• _MATERIAL PROVIDED_
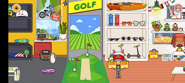 -运动用品店:前往运动用品超市,可以购买高尔夫用品,或者来个拳击训练
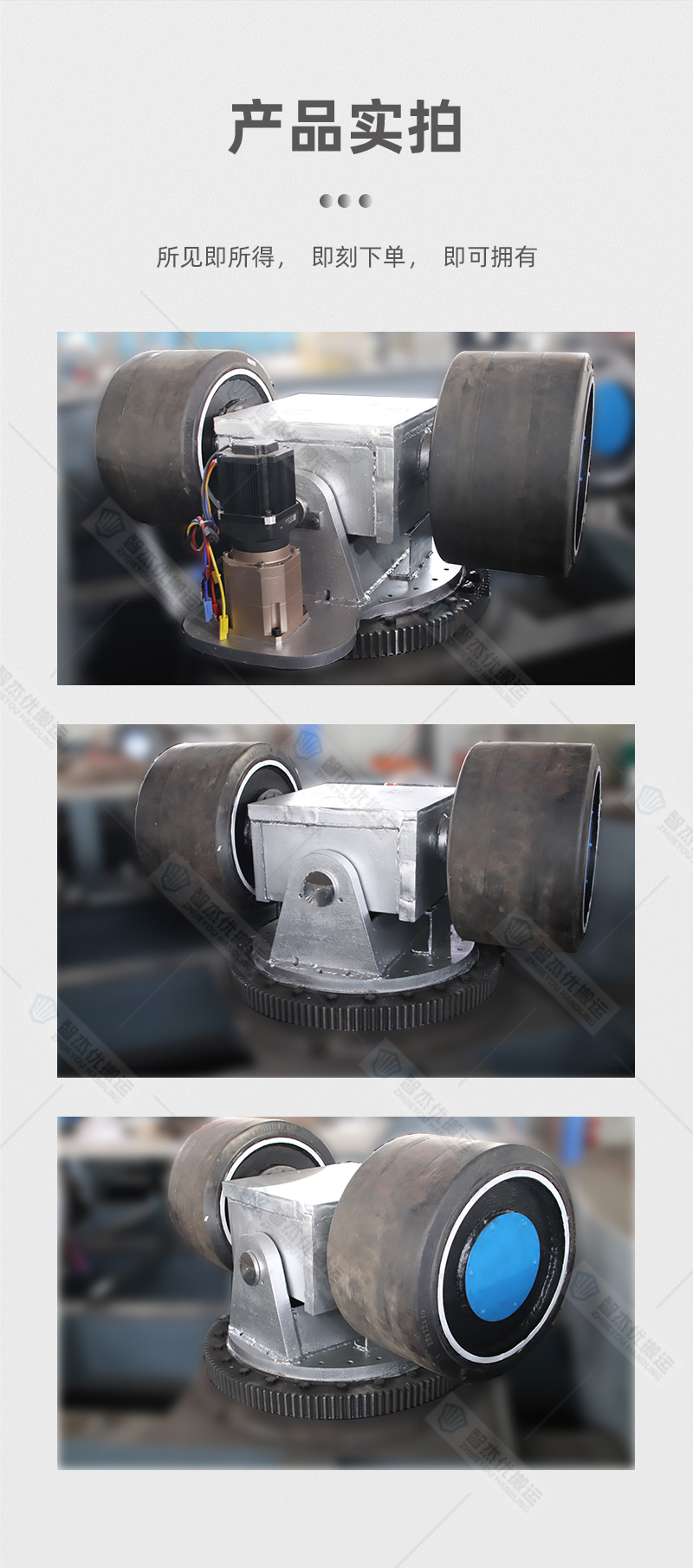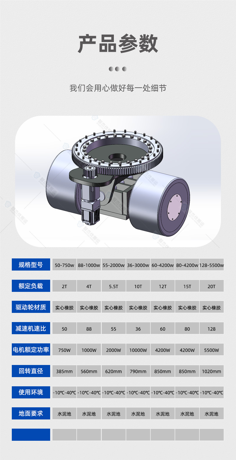 描   述: AGV旋轉舵輪,直徑508mm,負載10噸,實心橡膠輪胎,電機3.3kw,速比64,回轉直徑1.295米;
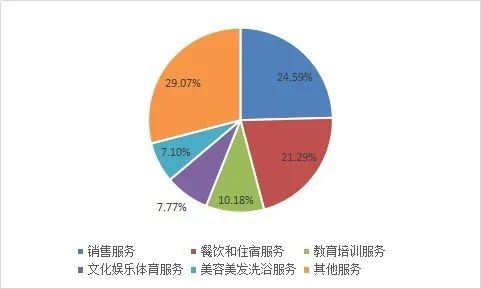 投訴量排在前五位的服務(wù)大類依次為銷售服務(wù)、餐飲和住宿服務(wù)、教育培訓服務(wù)、文化娛樂體育服務(wù)、美容美發(fā)洗浴服務(wù)。
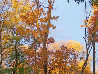 Keywords: autumn trees fall season leaves yellow green branches changing seasons blue sky colorful foliage seasonal bright day woods wooden outdoors plants nature
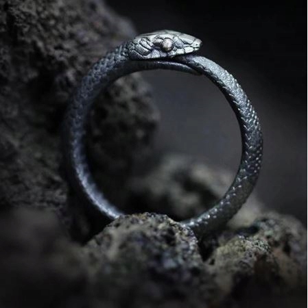 Регульована металева каблучка з печаткою Dark Snake 2 Punk Biker
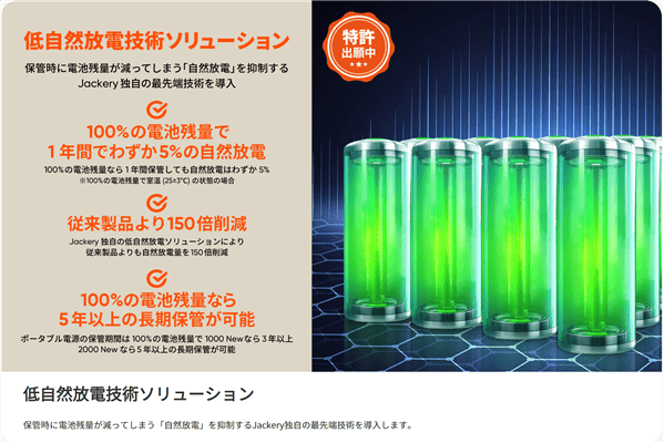 - 自己放電5%/年と4,000サイクル寿命で防災備蓄に有利
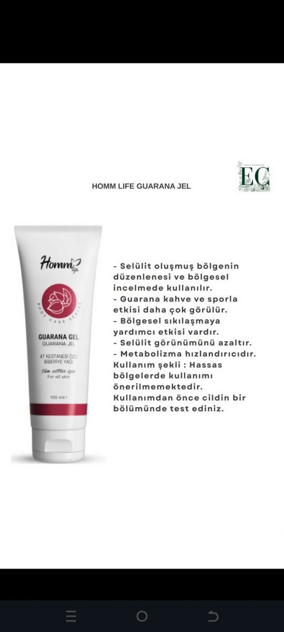 Homm Life Guarana Jel, selülit görünümünü azaltır ve bölgesel sıkılaşmaya yardımcı olur. Metabolizmayı hızlandırır, hassas bölgelerde kullanımı önerilir. Kullanımdan önce cilt testi yapınız.

• _YOUR OBJECTIVE_
Reproduce each entry verbatim, excluding any embedded images.

• _SOLUTION_
 -运动用品店:前往运动用品超市,可以购买高尔夫用品,或者来个拳击训练
 描   述: AGV旋轉舵輪,直徑508mm,負載10噸,實心橡膠輪胎,電機3.3kw,速比64,回轉直徑1.295米;
 投訴量排在前五位的服務(wù)大類依次為銷售服務(wù)、餐飲和住宿服務(wù)、教育培訓服務(wù)、文化娛樂體育服務(wù)、美容美發(fā)洗浴服務(wù)。
 Keywords: autumn trees fall season leaves yellow green branches changing seasons blue sky colorful foliage seasonal bright day woods wooden outdoors plants nature
 Регульована металева каблучка з печаткою Dark Snake 2 Punk Biker
 - 自己放電5%/年と4,000サイクル寿命で防災備蓄に有利
 Homm Life Guarana Jel, selülit görünümünü azaltır ve bölgesel sıkılaşmaya yardımcı olur. Metabolizmayı hızlandırır, hassas bölgelerde kullanımı önerilir. Kullanımdan önce cilt testi yapınız.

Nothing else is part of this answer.